--- DATASET CONTENT ---
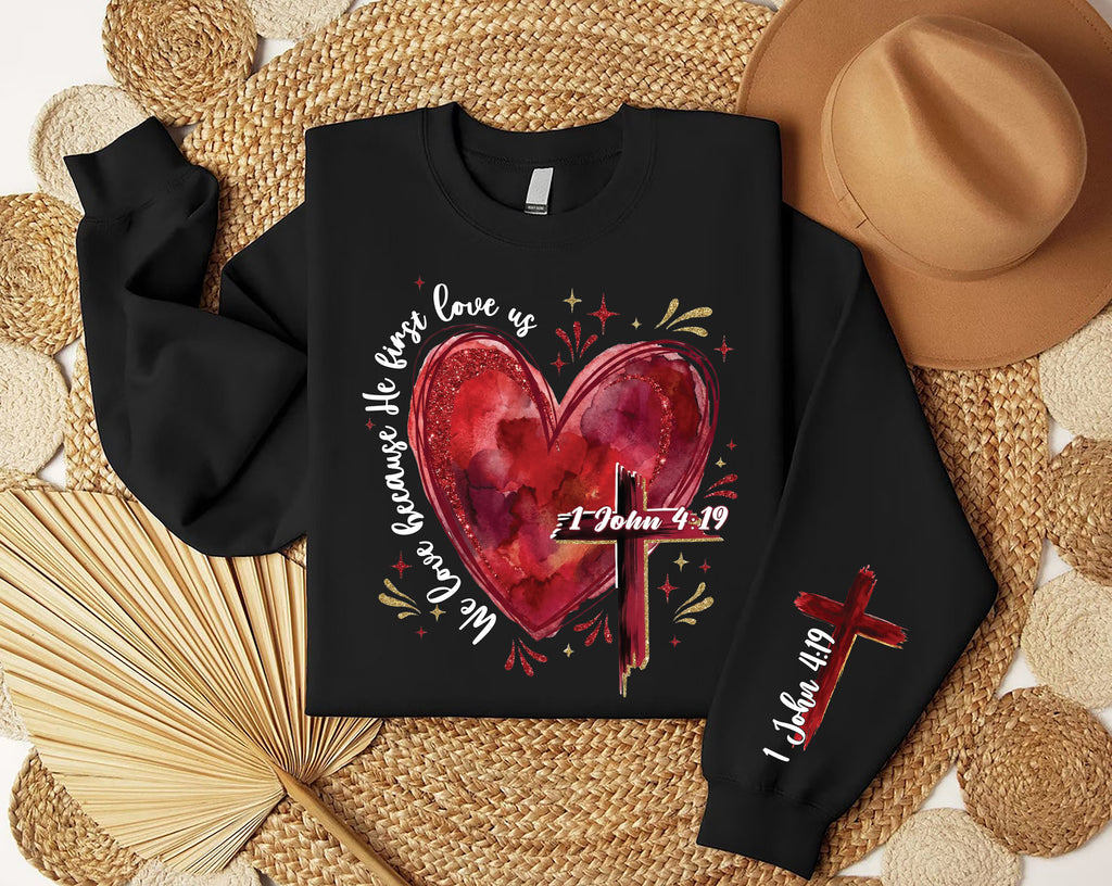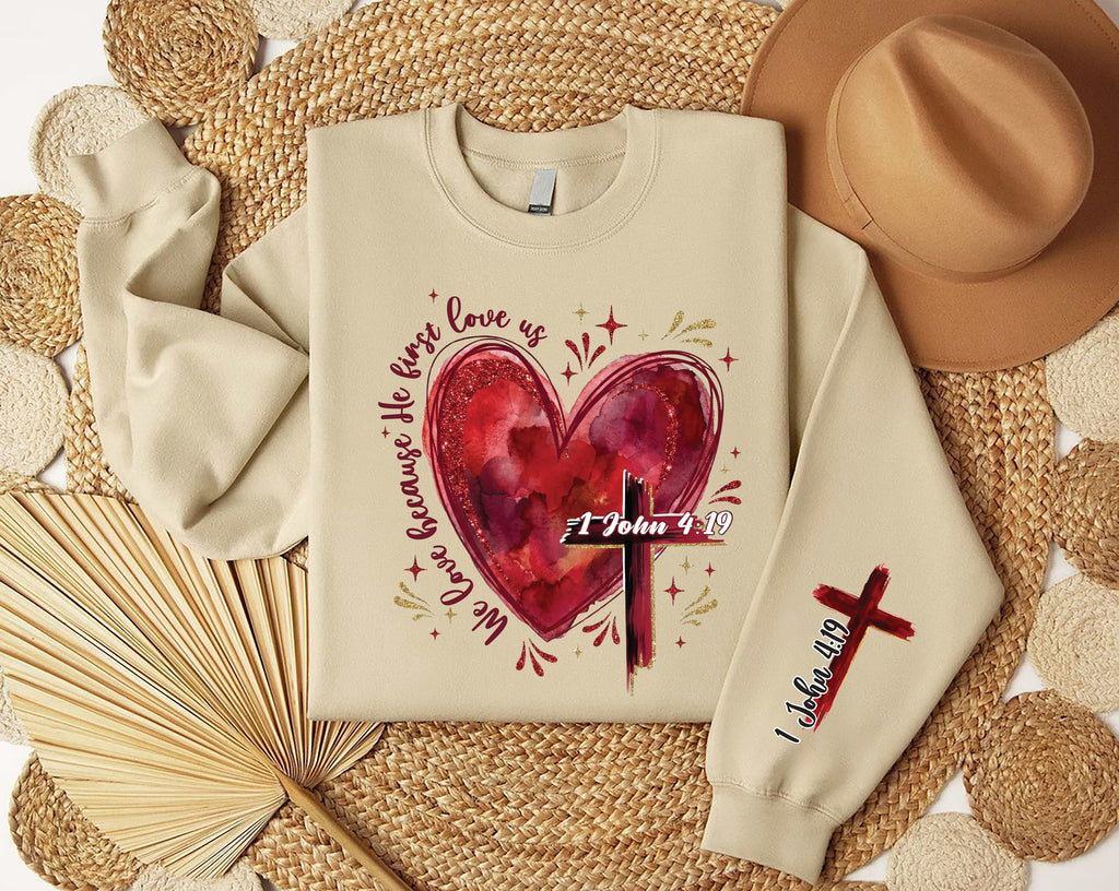📌 Inspiring “We Love Because He First Loved Us” Bible verse design
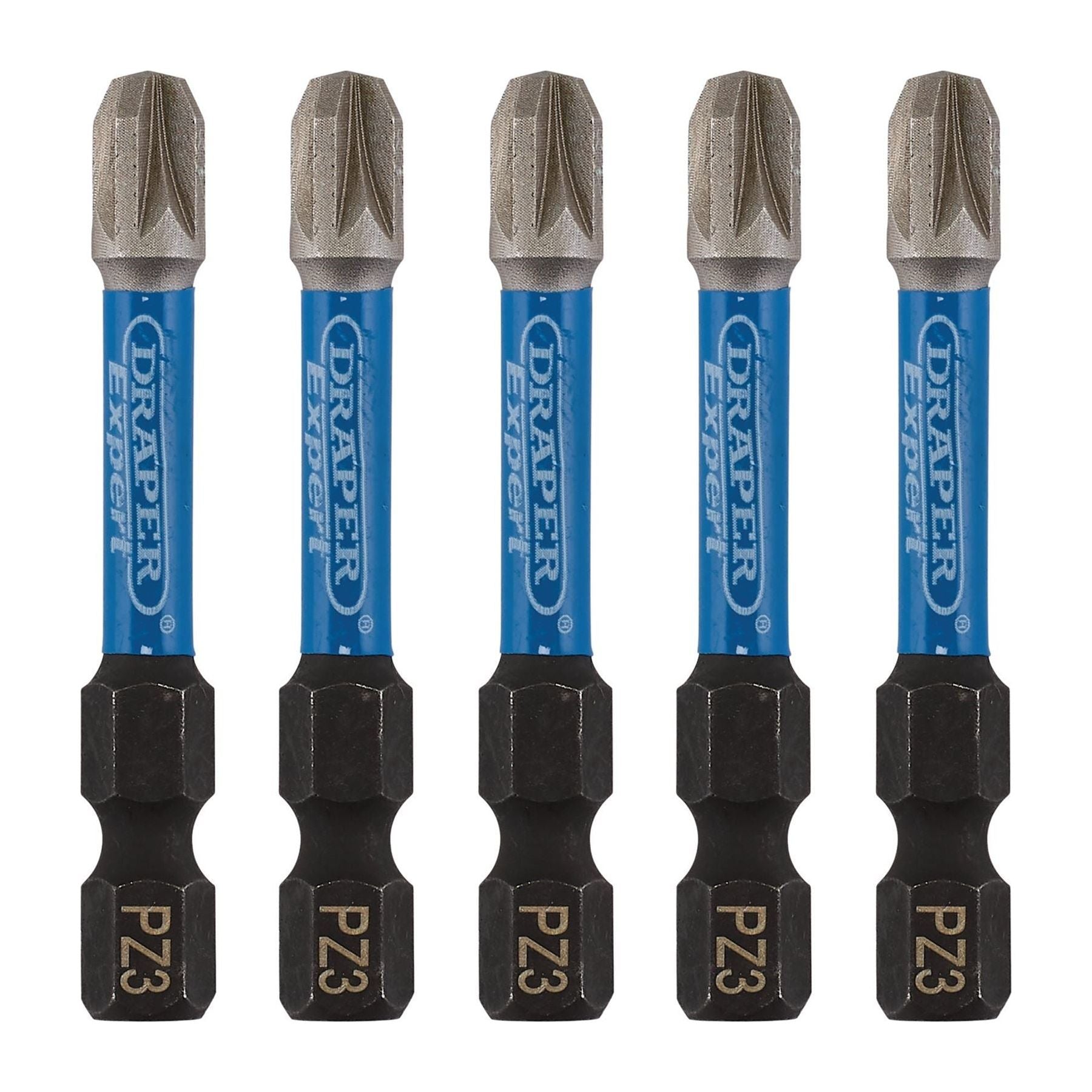 Draper Expert PZ-Type Impact Screwdriver Bits, No.3 x 50mm, 1/4" Hex (Pack of 5)
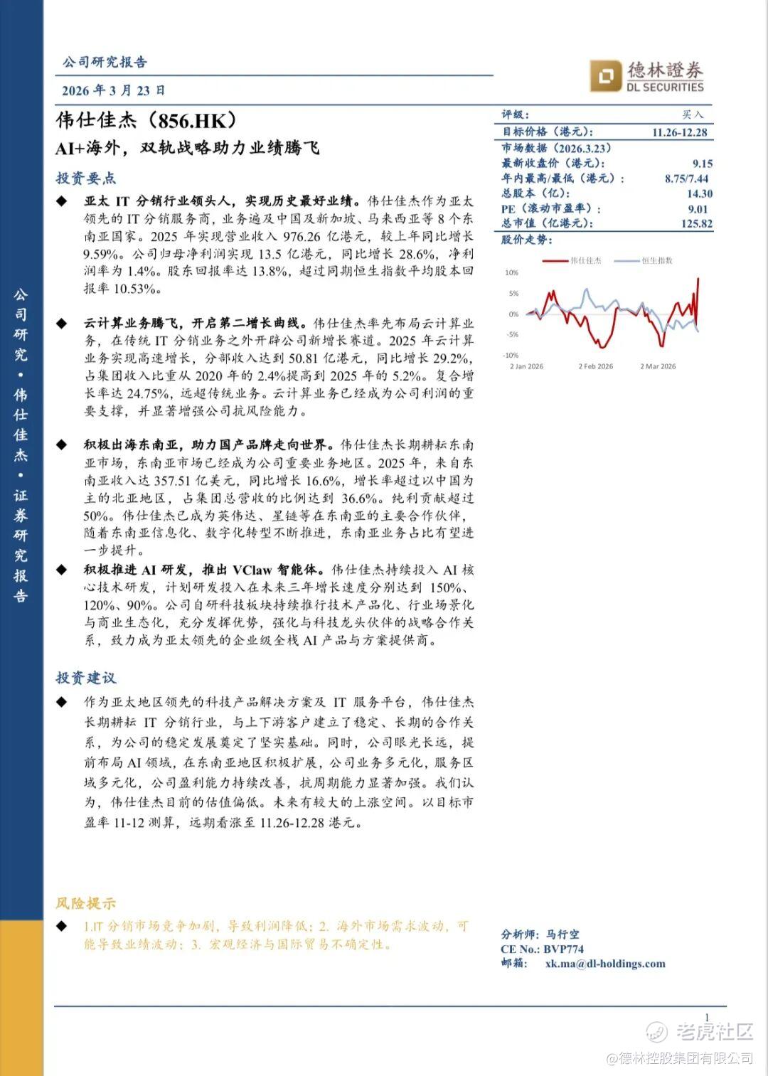 欲查看研究报告详细内容,请发送邮件至:cs@dl-securities.com 获取《伟仕佳杰(856.HK):AI+海外,双轨战略助力业绩腾飞》全文。
---
▸ **WORK TO BE COMPLETED**: What you return should match the material line for line, with the images removed.

▸ **RESPONSE TO THE EXERCISE**:
📌 Inspiring “We Love Because He First Loved Us” Bible verse design
 Draper Expert PZ-Type Impact Screwdriver Bits, No.3 x 50mm, 1/4" Hex (Pack of 5)
 欲查看研究报告详细内容,请发送邮件至:cs@dl-securities.com 获取《伟仕佳杰(856.HK):AI+海外,双轨战略助力业绩腾飞》全文。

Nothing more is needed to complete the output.